At first it felt unpatriotic to care about the enemy’s point of view, but the longer I suppressed it, the more frequent the hauntings came. I realized at the convention that the most patriotic thing a veteran can do is – on our return home – to share what we’ve seen, and then oppose, undermine, and reject the war machine on every front. We must dis-incentivize war and greed in order to create a permanent and lasting, peaceful coexistence.
Indeed, VFP members maintain a united front on that objective, and view ‘the necessity of our mission’ with a survival mentality. VFP members shared with me their peace-waging efforts, which were nothing short of heroic and awe-inspiring.
At dinner I met a double-amputee who – contrary to my first assumption – lost his legs (and a frontal lobe), not in Vietnam, but in an act of bravery and resistance against the war machine — when he laid on tracks to block a train en route to South America and filled with weapons to support the Contra Wars. He called ‘war’ a “war crime,” yet the government he very honorably served had labeled him a domestic terrorist for opposing the acts he’d learned were evil by witnessing them first-hand in service to his country.

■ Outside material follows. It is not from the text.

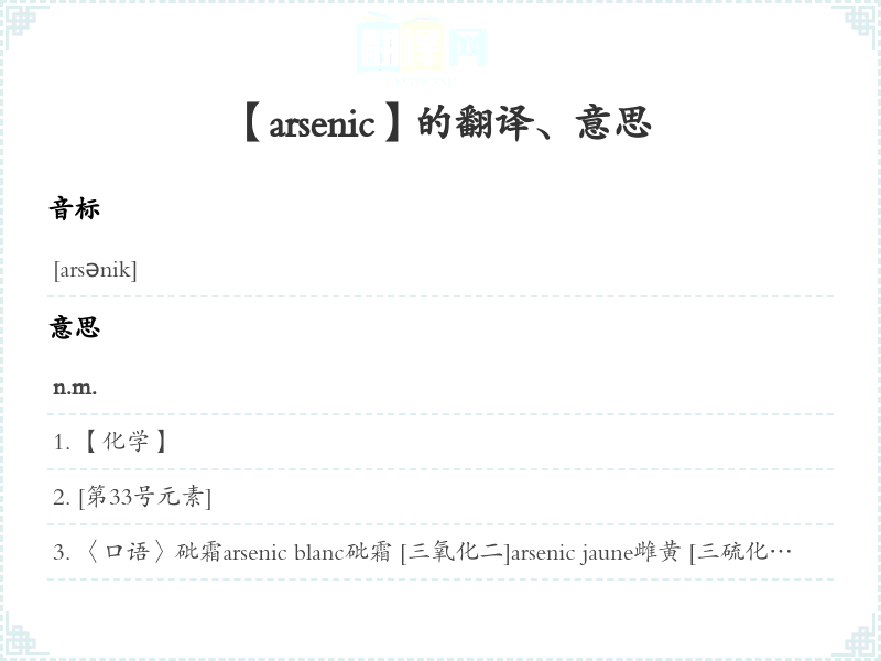 【arsenic】是什么意思、字义解释

But as I came to find out, none of these veterans fit the “domestic terrorist” mold. They highlighted the importance of sharing stories, peaceful protest, and non-violent civil disobedience as their strategy to ending our addiction to war. And VFP members (as I learned) make global contributions beyond peace activism. A group based out of Vietnam conducts chemical and munitions cleanups, and another group builds homes (free-of-charge) in disaster area’s, and in the remains of conflict zones.
The following days of speeches, seminars, forums, and panel discussions were delivered by vets who were highly-educated and respected members of their communities. They were doctors, lawyers, professors, CEO’s, politicians – and all shades of retired government officials ranging from CIA officers to diplomats.

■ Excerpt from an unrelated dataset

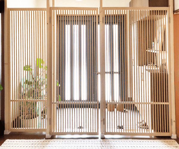 猫の脱走防止柵や入って来ては欲しくない部屋にピタッと取付けられるオシャレな防止扉です。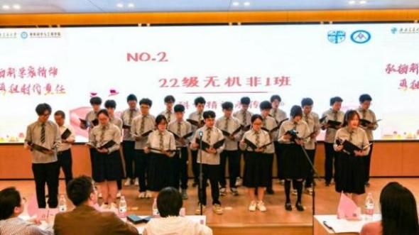 班团同心共展风采,精神内涵深入人心。本次比赛共有16个班级,400百多名同学通过视频录制参与初赛选拔。部分班级原创诗歌,歌颂科学家们的报国史诗,大家精心编排,气宇轩昂,生动展现伟大科学家精神内涵。经过学院认真筛选,最终共有10个班级,239名同学进入决赛。

In their midst I felt a level of inspiration missing since my days in uniform. And I gained what felt like a long-lost family. My heart was truly touched by their war stories and peace activism. VFP members are living proof that small groups can have noticeable, positive impacts on the world.
The 2015 Convention theme was “Peace and Reconciliation in the Pacific.” Appropriately, the convention fell on the anniversaries of the nuking of Hiroshima (06.08.1945) and Nagasaki (09.08.1945), and the division of the Korean Peninsula (10.08.1945). As we know, the Korean War is the final remnant of WWII, yet there hasn’t been peace and reconciliation in Asia despite the “end of the Cold War.”

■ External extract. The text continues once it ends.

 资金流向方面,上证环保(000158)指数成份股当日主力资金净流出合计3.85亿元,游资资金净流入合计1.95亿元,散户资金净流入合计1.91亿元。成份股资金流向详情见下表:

Everything we discussed of the unending Pacific wars can be symbolically represented with one picture – an image of two USN officers and a beautiful woman eating a “Mushroom Cloud” cake just a few months later.
It is almost as if the United States has revised history and brainwashed Americans to such thorough extent that in our national psyche, the suffering of Asia is lost for basking in our successes fighting the “Great War” in Europe (a topic of discussion for another time).
It is time for America to remember traumas of the Forgotten War in Korea; and dedicate ourselves on this 70th anniversary of the peninsula’s division to ending this perpetual crime against humanity that is the Korean War.
I now realize that my healing process – my own “re-humanization” – began the moment I first questioned war as an instrument of national policy. Thanks to VFP I know that to complete my therapy (and do my patriotic duty), I must commit myself to completely rejecting war as an option and lead by acting for peace.